Why Joe Biden Gets It Wrong On Foreign Policy
Tyler Durden
Tue, 11/03/2020 – 20:25
Authored by Mark Episkopos for The National Interest,
The Biden campaign has worked tirelessly over the past year to channel the image of Joe Biden as a “serious person,” particularly on foreign policy matters. Biden, according to this narrative, is an elder statesman who grasps the intricacies of international politics. Trump, by contrast, is presented as an inept bull in a china shop who only speaks the language of “fire and fury.” Only Biden, we are told, can bring back stability around the globe.
Don’t believe a word of it.
This carefully curated image of Joe Biden’s strategic acumen and geopolitical foresight is at odds by the former vice president’s own stated views and policy track record. His statements about a variety of countries suggest that they are based less on a strategic view of world affairs than snap judgments.
Consider Korea. At the Third Presidential Debate on October 22, Trump touted the benefits of having “good relations” with foreign leaders like North Korea’s Kim Jong Un. Biden responded by invoking Hitler: “We had a good relationship with Hitler before he, in fact, invaded Europe, the rest of Europe. Come on. The reason he would not meet with President Obama is because President Obama said, ‘We’re going to talk about denuclearization. We’re not going to legitimize you and we’re going to continue to push stronger and stronger sanctions on you.’ That’s why he wouldn’t meet with us.” It should go without saying that likening Kim Jong Un to Adolf Hitler is not only wildly inflammatory but also contributes nothing to our policy understanding of either figure.

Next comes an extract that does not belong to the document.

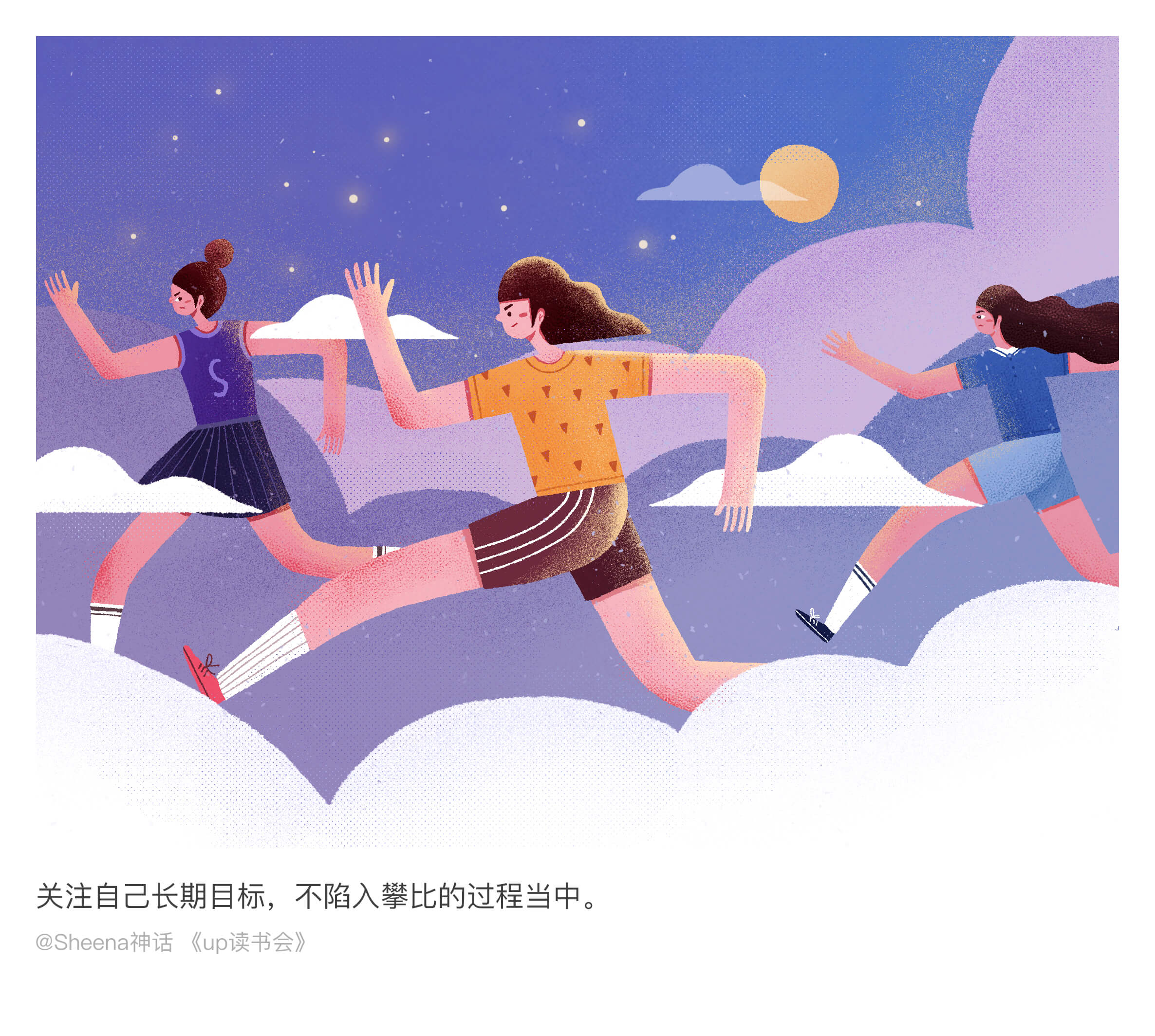 闯关计划最后十天是给文字配图。这一阶段,想把难度再提升一点。从创意,构思,想构图,到人物设计和色彩搭配,每一过程都经过精心的考量。就想出把读书会当中最美的文字表述成画面这样一个形式。是最艰难的一个阶段,因为你需要去思考用什么方式去表达这样一个文字,为了可以画到一个效果,找很多类似参考去研究,并而达到自己满意的状态。
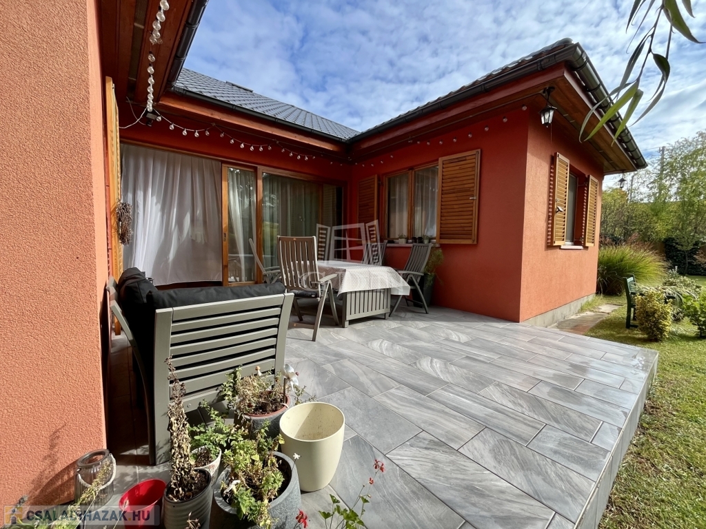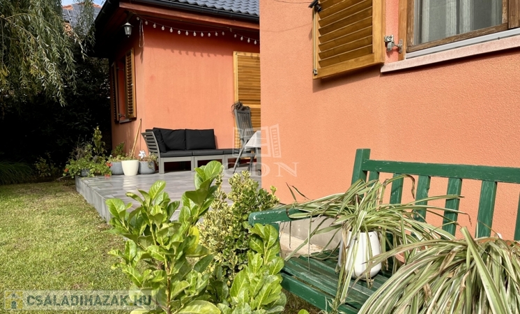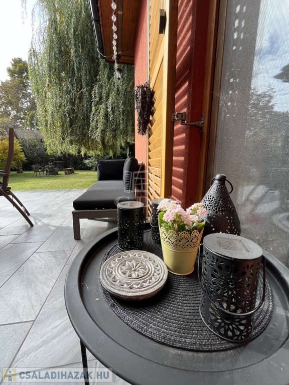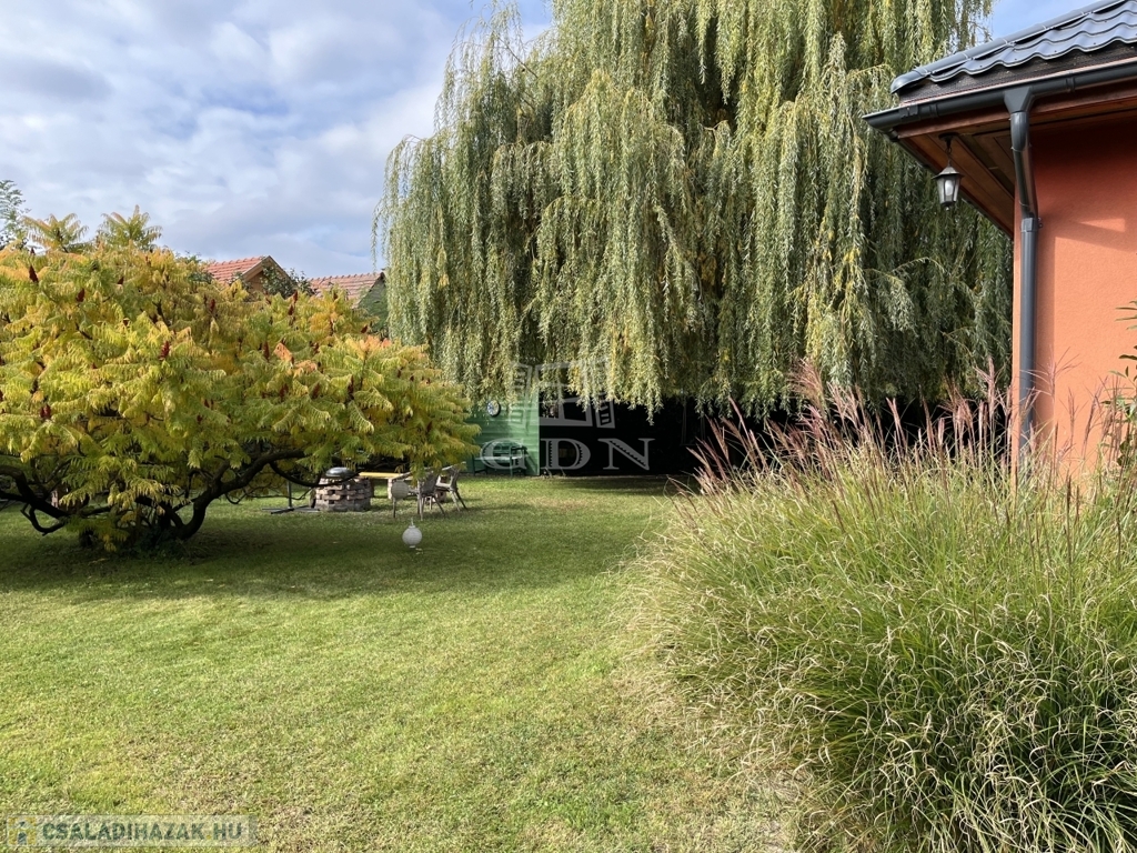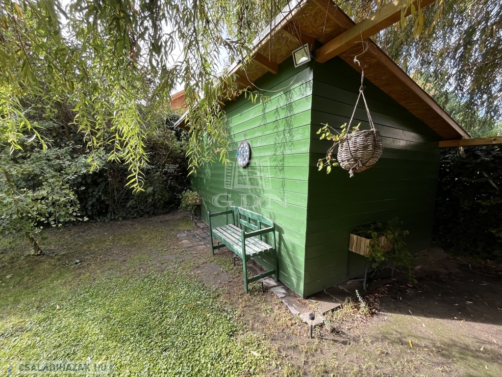 gondosan karbantartott, termő gyümölcsfákkal, dísznövényekkel és hangulatos kerti grillezővel – igazi nyugalom-sziget, ahol a természet és a harmónia egyszerre van jelen. A 15 nm-es tároló praktikus és esztétikusan illeszkedik a környezethez.

The second part of Biden’s statement is even more dangerous, reflecting a failed commitment to old Washington orthodoxy at a time when a growing number of North Korea experts are quite correctly warning that a blanket insistence on denuclearization as a precondition for peace talks is futile and counterproductive.
Biden extended a similarly brash stance toward America’s friends. At a recent Philadelphia town hall event, Biden– who has incessantly lectured Trump on the perils of spurning America’s longstanding allies– all but consigned two key US partners into a new Axis of Evil: “And NATO is in the risk of beginning to crack because they don’t doubt — they doubt our — whether we’re there. You see what’s happened in everything from Belarus to Poland to Hungary, and the rise of totalitarian regimes in the world, and as well, this president embraces all the thugs in the world.” It bears repeating that Hungary and Poland— which have both had legitimate and competitive elections within the past several years– are not only members of the North Atlantic Treaty Organization, but are among the two biggest military contributors to NATO’s collective security arrangement. Biden’s comments are even more tone-deaf in light of data showing that Poland and Hungary consistently rank among the most pro-American EU member states. This unprompted attack has already prompted vigorous rebuke from the government in Budapest, needlessly harming relations between a NATO ally and prospective President-elect before they began.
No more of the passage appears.